Прогуливаясь перед сном по террасе консульского дворца, Пенрод обдумал события прошедшего дня и пришел к выводу, что все закончилось благополучно. Прислонившись к толстому стволу высокого тамариска, раскидистые ветви которого покрывали почти половину террасы, он закурил кубинскую сигару, которую, прощаясь, вручил ему Райдер Кортни, при этом наотрез отказавшись от приглашения посетить казнь.
– Я его ни в чем не виню, – недовольно проворчал он. – Я сам готов наняться к кому угодно за хорошие деньги.

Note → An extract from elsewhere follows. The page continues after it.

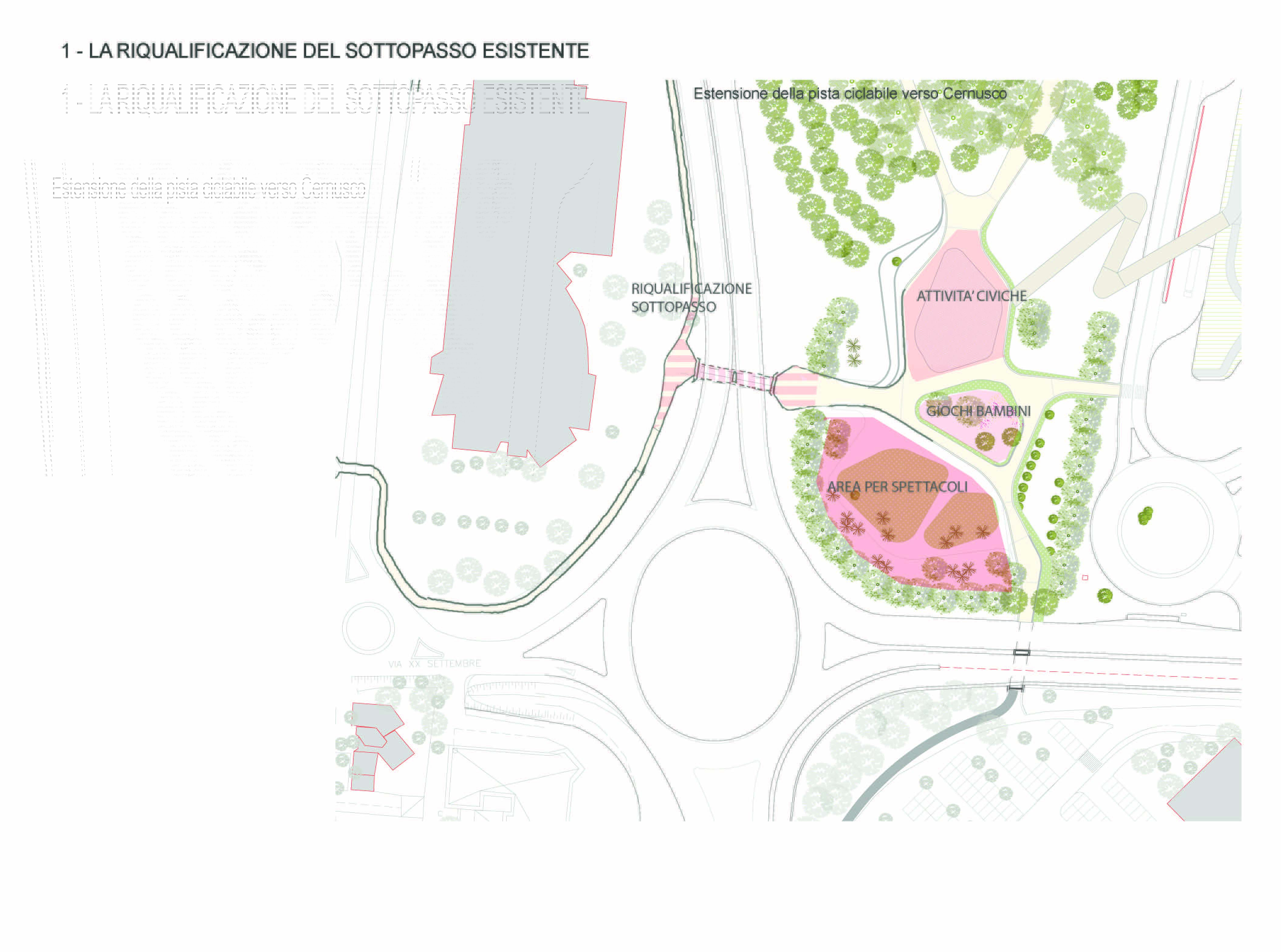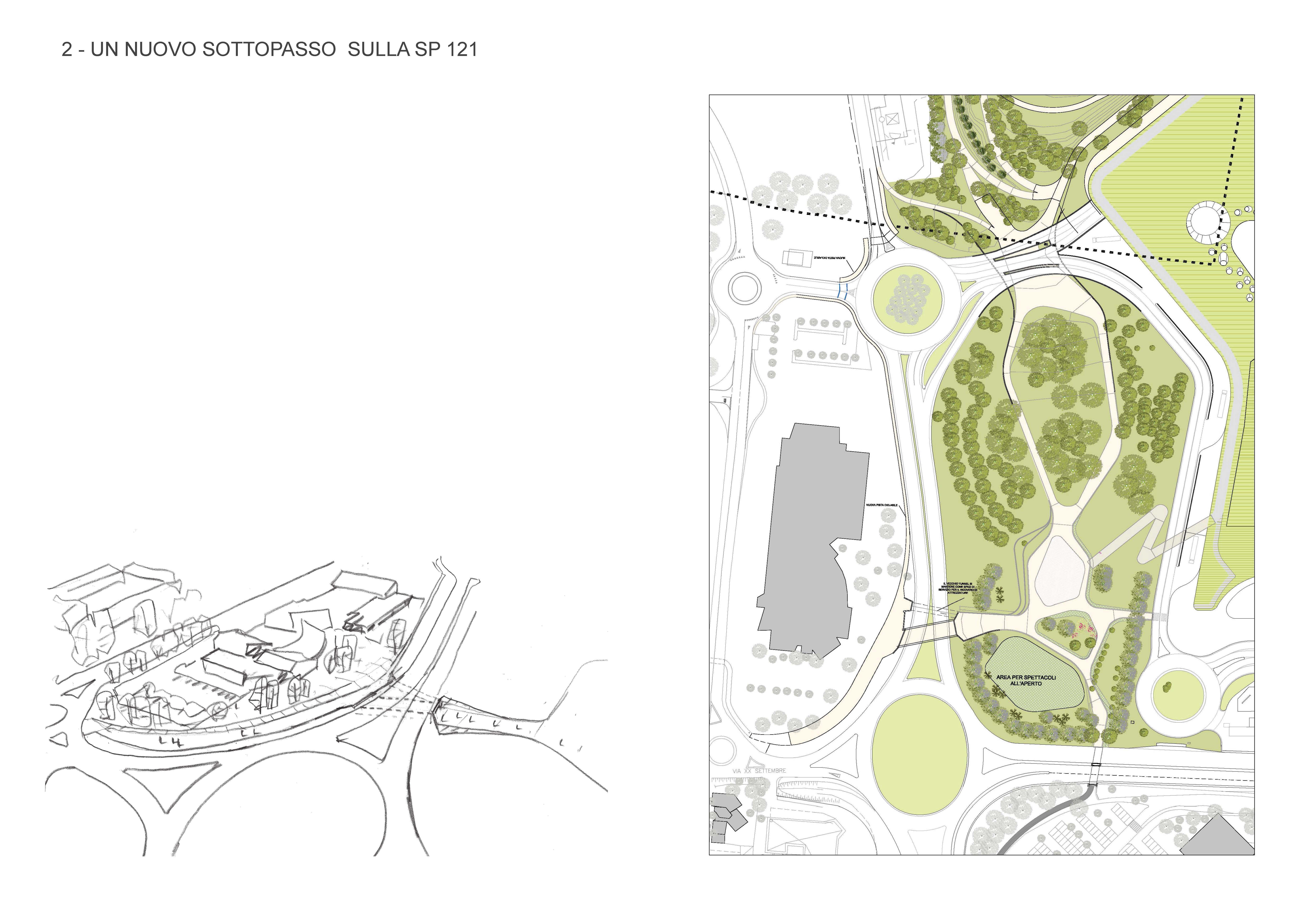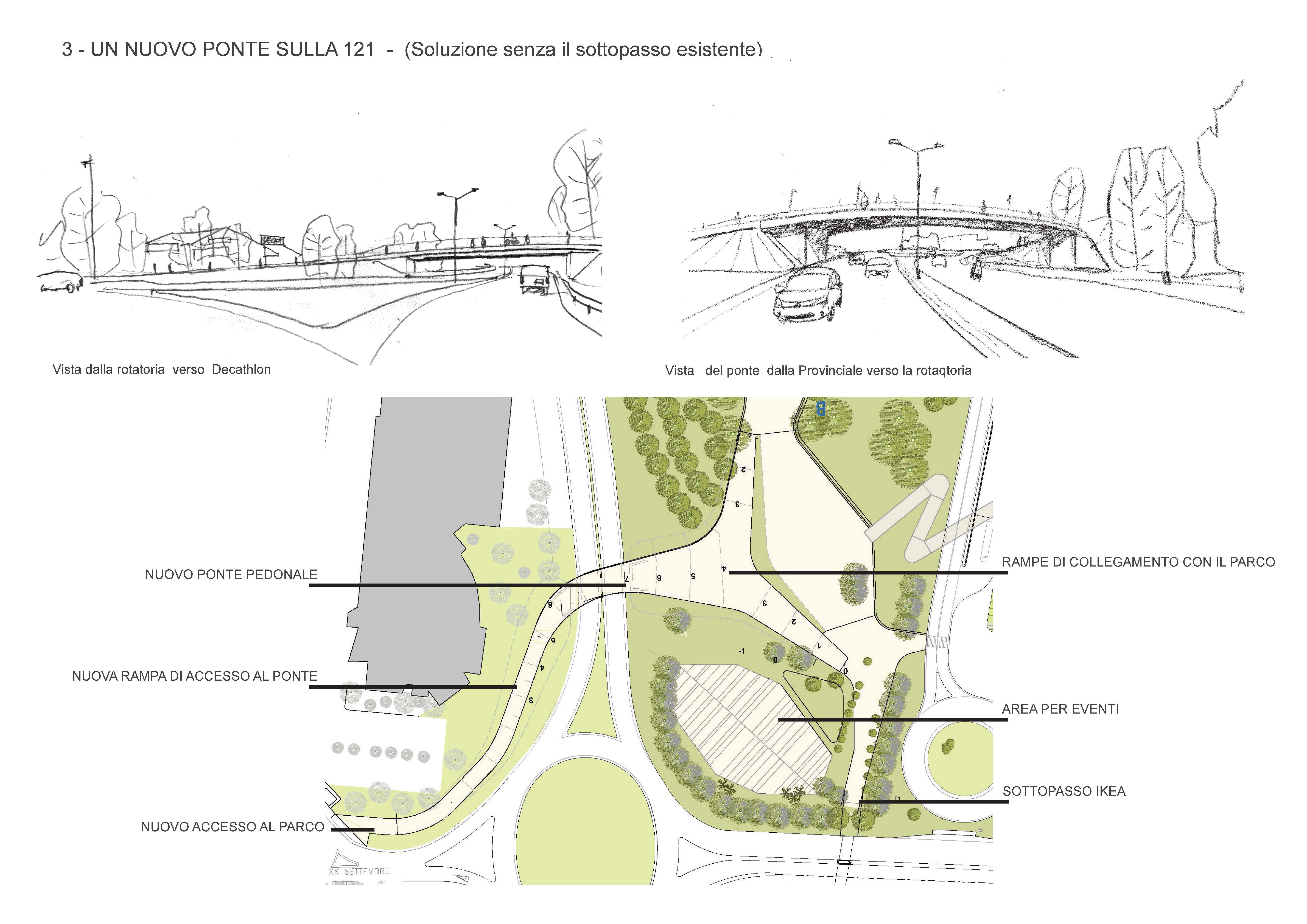 Altra novità rispetto al progetto presentato nella conferenza di maggio, è un congiungimento fra parco comunale adiacente il centro commerciale e città, per cui sono state suggerite 4 tipologie diverse di collegamento che spaziano dalla riqualificazione del sottopasso già esistente (qui), alla sostituzione di quest’ultimo con uno nuovo (qui) o, addirittura, alla costruzione di un passaggio ciclo pedonale sopraelevato, che potrebbe sia sostituire il sottopasso (qui), sia costituire una seconda alternativa ad esso (qui).

Пенрод с недоумением вспомнил эти слова и глубоко затянулся. В пять часов вечера весь хартумский гарнизон прошел парадным строем к месту казни. Люди находились на грани истощения и с трудом защищали осажденный город. На площадь пришли и простые жители, хотя никакого приказа на этот счет не получали. На небольшой площадке установили восемь крупповских пушек, нацеленных короткими стволами на окопавшихся в Омдурмане дервишей. Из-за острого дефицита боеприпасов даже эти восемь снарядов должны были нанести хоть какой-то урон, долетев до вражеского лагеря, и, разорвавшись там, поразить хотя бы несколько противников.
Первыми вывели торговцев, которые перепродавали зерно на черном рынке. Они были захвачены с поличным вместе с запасами зерна на тайных складах аль-Фарука. Руководил этой торговлей Али Мухаммед Акрани. Пенрод, обследовав его помещения позади госпиталя, обнаружил там шестьсот мешков с зерном, надежно спрятанных в жилых комнатах рабов в глубоких подвалах.
Заключенных выстроили в ряд позади пушек. Гордон-паша приговорил их присутствовать на публичной казни, а все имущество, включая контрабандное зерно, конфисковали. Потом их должны были изгнать за пределы города, чтобы они могли найти себе надежное убежище в лагерях дервишей Махди и его верных ансаров на другой стороне реки. Пенрод хорошо знал, что их ждет, и предпочел бы смерть возможности оказаться в руках этих головорезов.
Перед глазами стояли события на городской площади. Когда все зрители собрались, Пенрод приказал вывести из крепости майора аль-Фарука и семерых его ближайших помощников, одетых в форму, и поставить по стойке «смирно» возле пушек, к которым они должны быть привязаны. Старший сержант гарнизонного полка зачитал предъявленные обвинения, а потом торжественным голосом, заставившим вздрогнуть всех зрителей, произнес приговор. Обвиняемые подались вперед, услышав зловещие слова: «…в связи с чем все должны быть расстреляны из пушек». Гул возбуждения пронесся среди собравшихся, предвкушавших невиданное прежде зрелище. Женщины подняли вверх детей, чтобы те хорошо рассмотрели происходящее.
Старший сержант свернул лист с приговором и передал его посыльному, который, подбежав к генералу Гордону, козырнул ему и вручил бумагу. А капитан Баллантайн стоял рядом с генералом, молча наблюдая за этой сценой.
– Хорошо, – кивнул Гордон-паша. – Приведите приговор в исполнение.